De administratie van een AGP moet ook een overzichtelijk beeld geven van de goederenstromen binnen de AGP. Zo moet de voorraadadministratie onder meer gegevens bevatten over de plaats waar de goederen in de onderneming liggen opgeslagen. Ook het brengen van accijnsgoederen binnen een AGP en het brengen van accijnsgoederen buiten een AGP moet in de administratie worden vastgelegd.
-
De inkoop- en verkoopadministratie, met name de facturen en/of de geleidedocumenten, moeten op overzichtelijke wijze worden gevoerd. Ook moet blijken welke goederen uit Nederland en welke uit het buitenland zijn betrokken. Als deze in- en verkoopadministratie niet aanwezig zijn (bijvoorbeeld bij een logistieke dienstverlener), zal de administratie andere waarborgen moeten bevatten. Denk daarbij aan de (financiële) verantwoording aan de opdrachtgever en specifieke voorwaarden met betrekking tot de vervoersbescheiden en de daarbij behorende facturen van de opdrachtgever.
-
In de administratie van de AGP waarin accijnsgoederen worden vervaardigd, moet de productie zichtbaar zijn. Niet alleen de omvang van de eindproductie, maar ook de omvang van de productie van halffabricaten moet worden vastgelegd, net als de inkoop van grondstoffen en halffabricaten.
Ook de volgende vastleggingen in de productieadministratie kunnen inzicht bieden in de rechten en verplichtingen inzake de accijns:
-
het gebruik of verbruik van de grond- en hulpstoffen en halffabricaten
-
de inzet van mens- en machine-uren
-
de diensten verricht door derden
-
de hoeveelheden uitval en afval
Meer- en minderbevindingen
Ook moeten in de administratie de meer- en minderbevindingen worden vastgelegd. In de Beleidsregels Accijnswetgeving is goedgekeurd dat onder bepaalde voorwaarden, voor bepaalde producten de meer- en minderbevindingen gesaldeerd mogen worden.

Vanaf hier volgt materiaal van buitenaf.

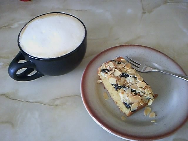 sv: špaldový řez s mandlemi, maxi cappuccino (holky mi tu udělaly chuť)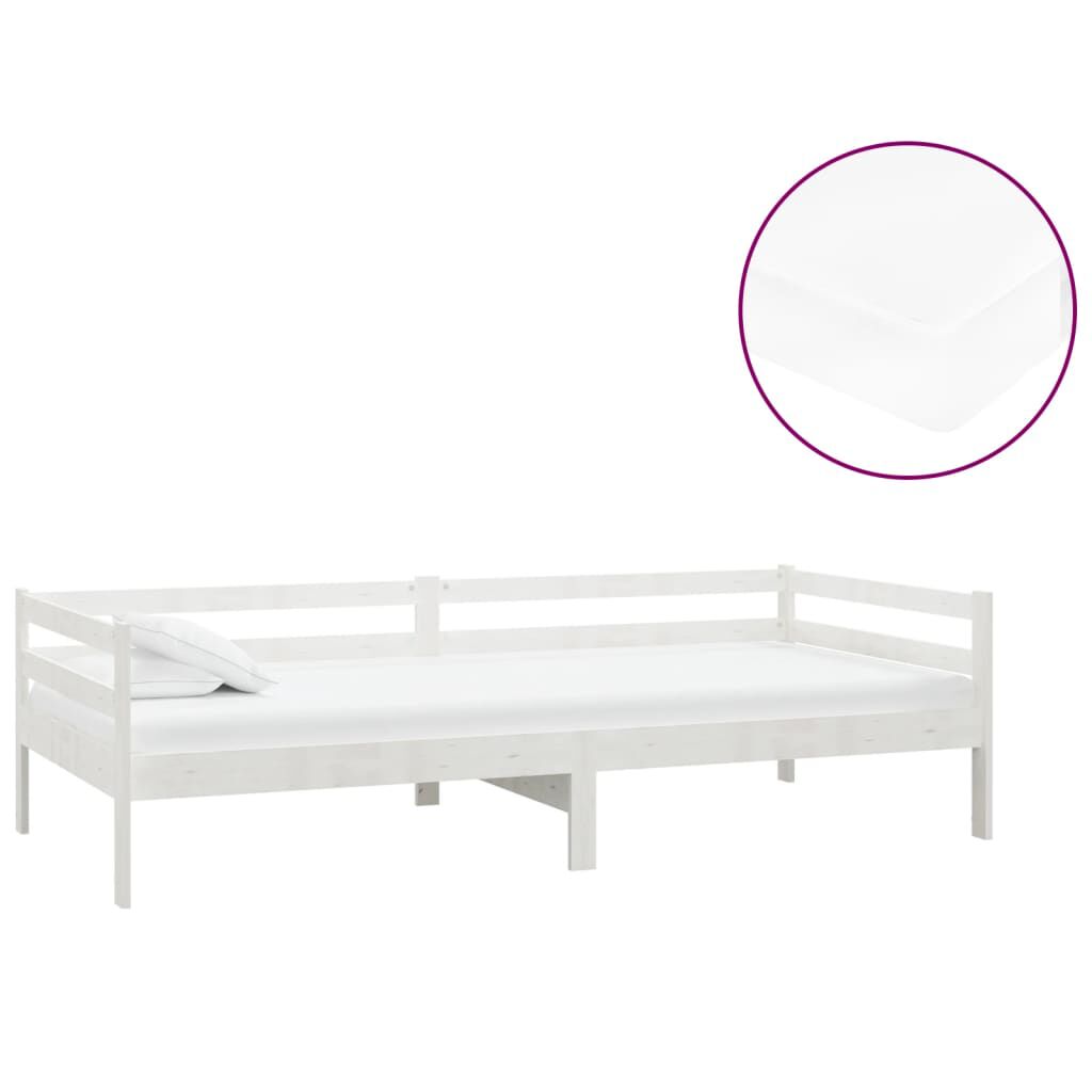 vidaXL Lova su čiužiniu, balta, 90x200cm, pušies medienos masyvas

Andere voorwaarden bij onvolledige administratie
Als niet kan worden voldaan aan de eisen aan de administratie als bedoeld in artikel 8 van het UBA kan de inspecteur op grond van artikel 9 van het UBA andere voorwaarden stellen. Hij kan onder andere bepalen dat een werkaangifte overeenkomstig artikel 19 van de URA wordt gedaan.
Administratie fictief AGP voor minerale oliën
Aan een administratie van een fictief AGP kan het noodzakelijk zijn om extra eisen te stellen. Een fictief AGP voor een bunkerhandelaar moet in ieder geval de gegevens bevatten die zijn genoemd in artikel 8a van het UBA.
Administratie logistieke dienstverlener
Vooral in het geval dat de logistieke dienstverlener niet de eigenaar is van de goederen, kunnen extra eisen aan de administratie noodzakelijk zijn (zie paragraaf 3.6).